*** RECORDS SUPPLIED ***

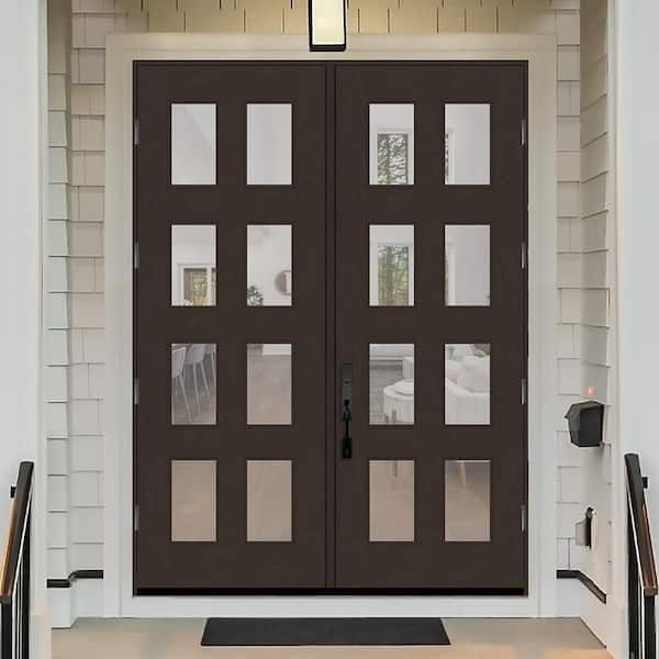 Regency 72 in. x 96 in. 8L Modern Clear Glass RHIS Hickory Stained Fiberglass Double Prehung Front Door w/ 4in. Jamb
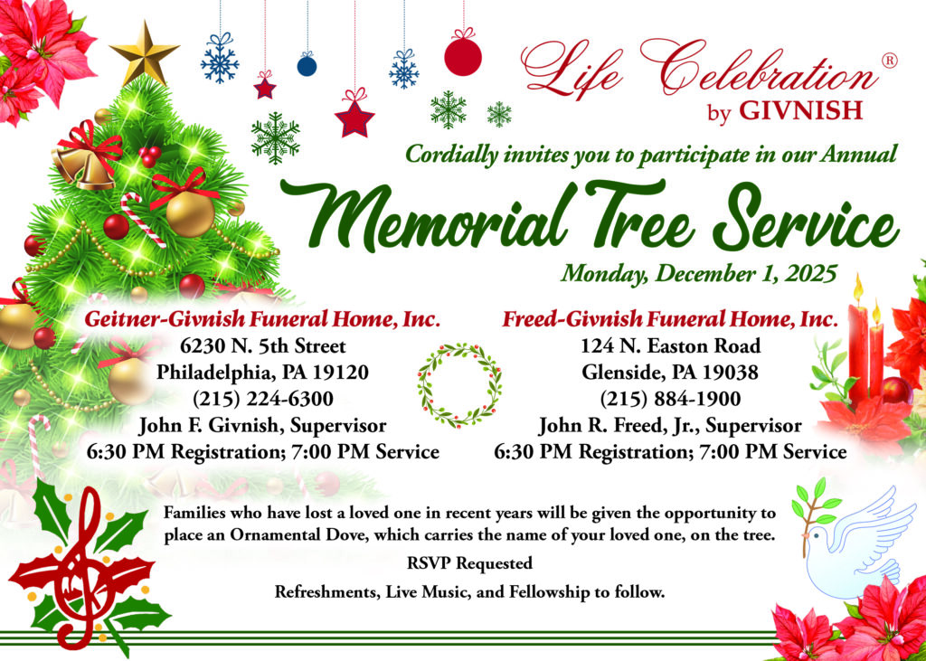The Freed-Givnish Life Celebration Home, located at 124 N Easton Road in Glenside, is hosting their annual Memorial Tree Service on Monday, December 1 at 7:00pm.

*** End of RECORDS SUPPLIED ***
*** RECORDS SUPPLIED ***

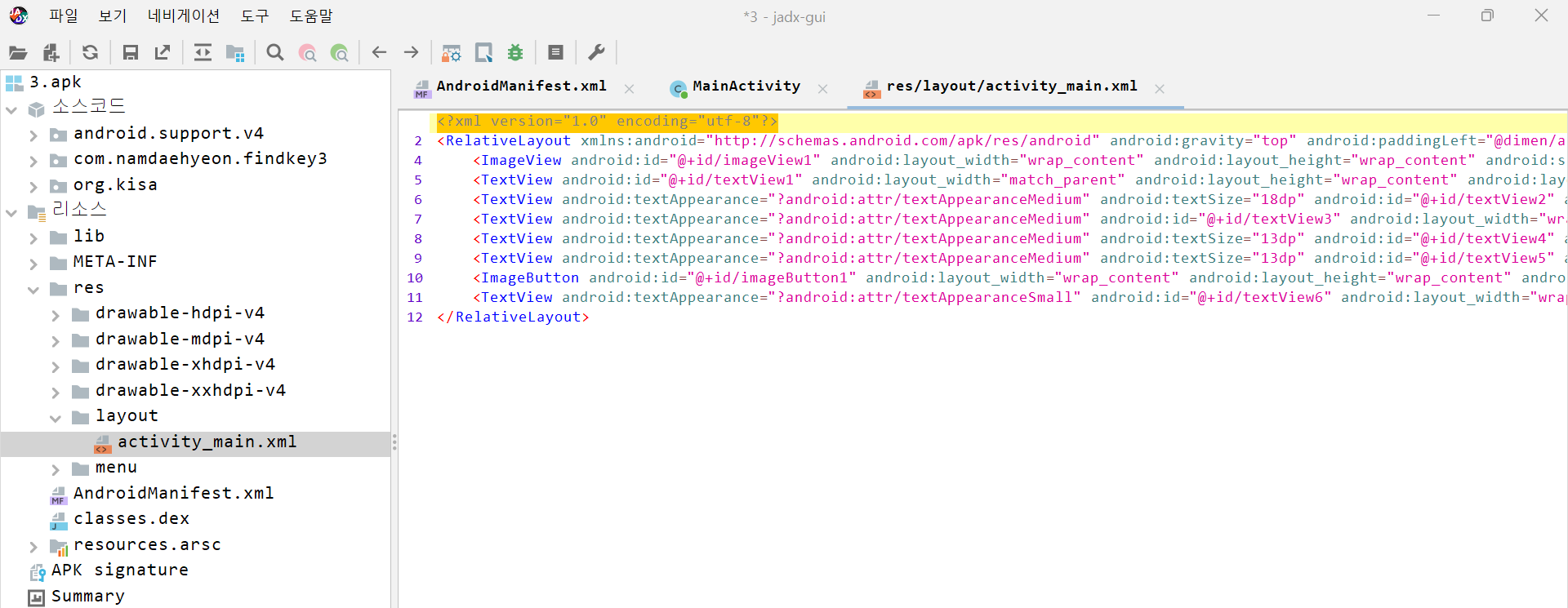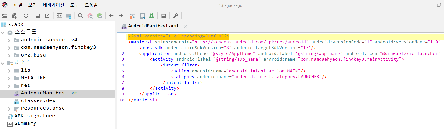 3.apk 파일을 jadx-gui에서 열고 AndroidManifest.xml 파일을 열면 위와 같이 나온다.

*** End of RECORDS SUPPLIED ***

With the pictures omitted, print the lines above exactly, beginning at the line with "Regency 72 in." and going on through the line with "The Freed-Givnish Life".

### [ANSWER TO THE EXERCISE]
 Regency 72 in. x 96 in. 8L Modern Clear Glass RHIS Hickory Stained Fiberglass Double Prehung Front Door w/ 4in. Jamb
The Freed-Givnish Life Celebration Home, located at 124 N Easton Road in Glenside, is hosting their annual Memorial Tree Service on Monday, December 1 at 7:00pm.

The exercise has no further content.